The goal is to share what is learned with the public with regard to analyzing the results of each test sequence.  This may be in the form of protocols and procedures, or as reports based on aggregated data.  Where appropriate, the RTCs will use existing standard test protocols.  However, many areas of validation are currently not standardized.  For these areas, the RTCs will write the protocols and update them based on results from the first installations. The RTCs will develop standard data analysis packages based on the technical bankability requirements.  This information will be used to determine modeling uncertainties as well as performance issues, and to support the development of standardized methods for validating performance prediction algorithms.  If the systems are under test for three or more years, the RTCs will have the opportunity to assess and quantify system losses such as soiling, degradation rates, module mismatch, and field failures, which will be tracked in an operations and maintenance database.

Fig. 4. Residual analysis plot showing the effect of irradiance on the accuracy of the model. The center plot demonstrates this model has a bias based on irradiance.
Fig. 4. Residual analysis plot showing the effect of irradiance on the accuracy of the model. The center plot demonstrates this model has a bias based on irradiance.
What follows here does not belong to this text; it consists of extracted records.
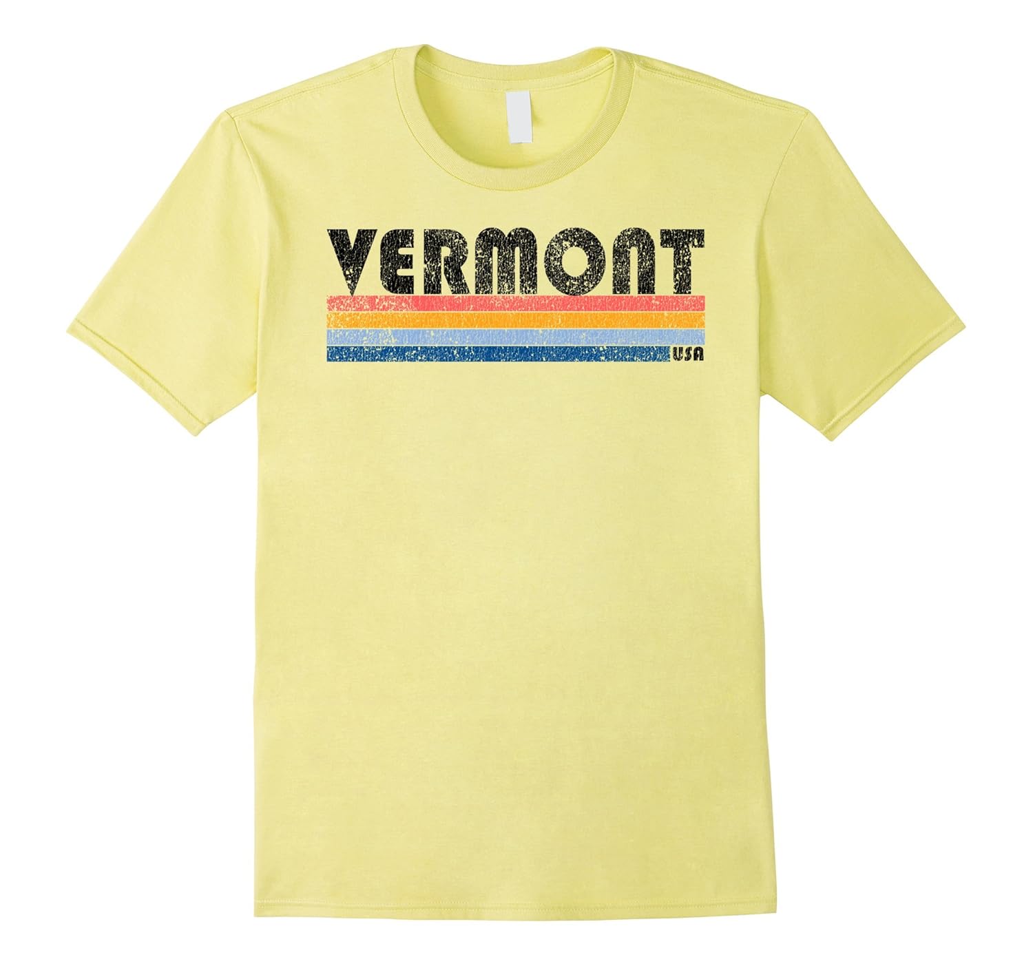 Solid colors: 100% Cotton; Heather Grey: 90% Cotton, 10% Polyester; All Other Heathers: 65% Cotton, 35% Polyester, Imported, Machine wash cold with like colors, dry low heat, This original design state of Vermont makes a great souvenir or gift t-shirt. This graphic tee features a cool distressed retro font with colored stripe underlining. This trendy Vermont shirt is distressed to give it a vintage classic look and is sure to be a hit whenever you wear it. If you prefer a looser fit, please order up a size. Lightweight, Classic fit, Double-needle sleeve and bottom hem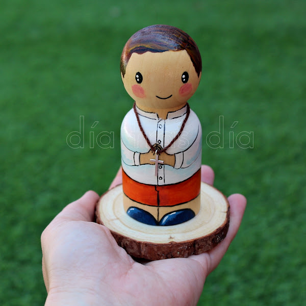 Y por aquel entonces Pilar, clienta fiel de Día tras Día desde hace ya muchos años, se puso en contacto conmigo para preguntarme si habría posibilidad de hacer algo similar pero para una Primera Comunión, sustituyendo los novios por un niño de Comunión para decorar su tarta. Obviamente le dije que sí. Es más, me pareció que era una idea muy bonita y original, así que acepté encantada el reto.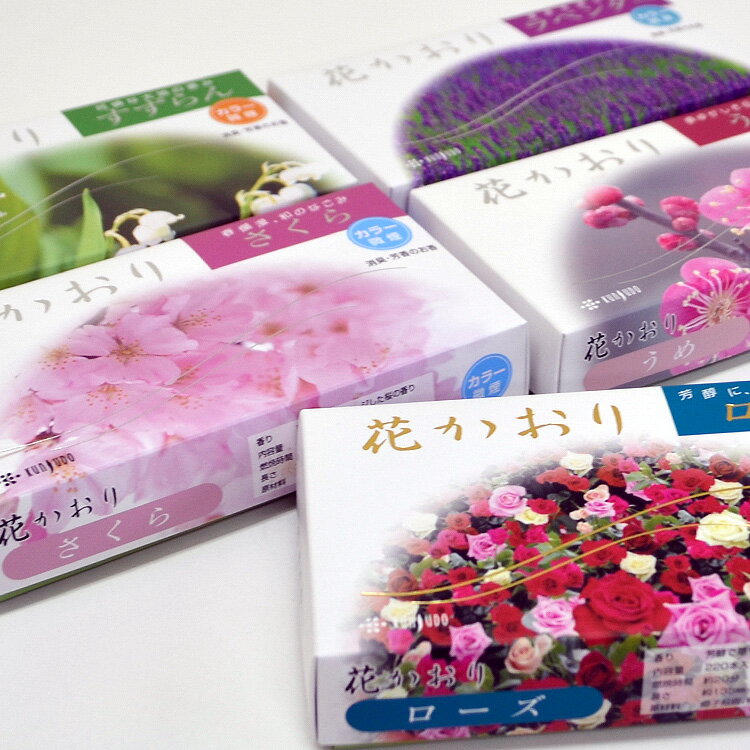 花かおり/さくら〔微煙〕 花かおり/ローズ〔微煙〕 花かおり/ラベンダー〔微煙〕 花かおり/すずらん〔微煙〕 花かおり/梅〔微煙〕 花かおりミニ寸(5種類) お試し線香[花かおり] 8種 各2本 花かおりご進物仕様

1.4   Reliability and Safety

Validating the reliability of a PV system is an important attribute that investors consider.  Product design or manufacturing flaws may not be evident initially.  The RTCs will perform a series of periodic tests and inspections over the deployment period of nominally three years to identify any failures, concerns, or leading indicators of any reliability or safety problems that may occur in the future.  Periodic testing may include: current-voltage curve traces in the field at the string and/or module level; flash testing a subset of modules using a module-scale solar simulator; infrared and electroluminescence imaging; and digital photographs.  In addition, all maintenance events (scheduled and unscheduled) will be logged along with any energy lost due to system downtime.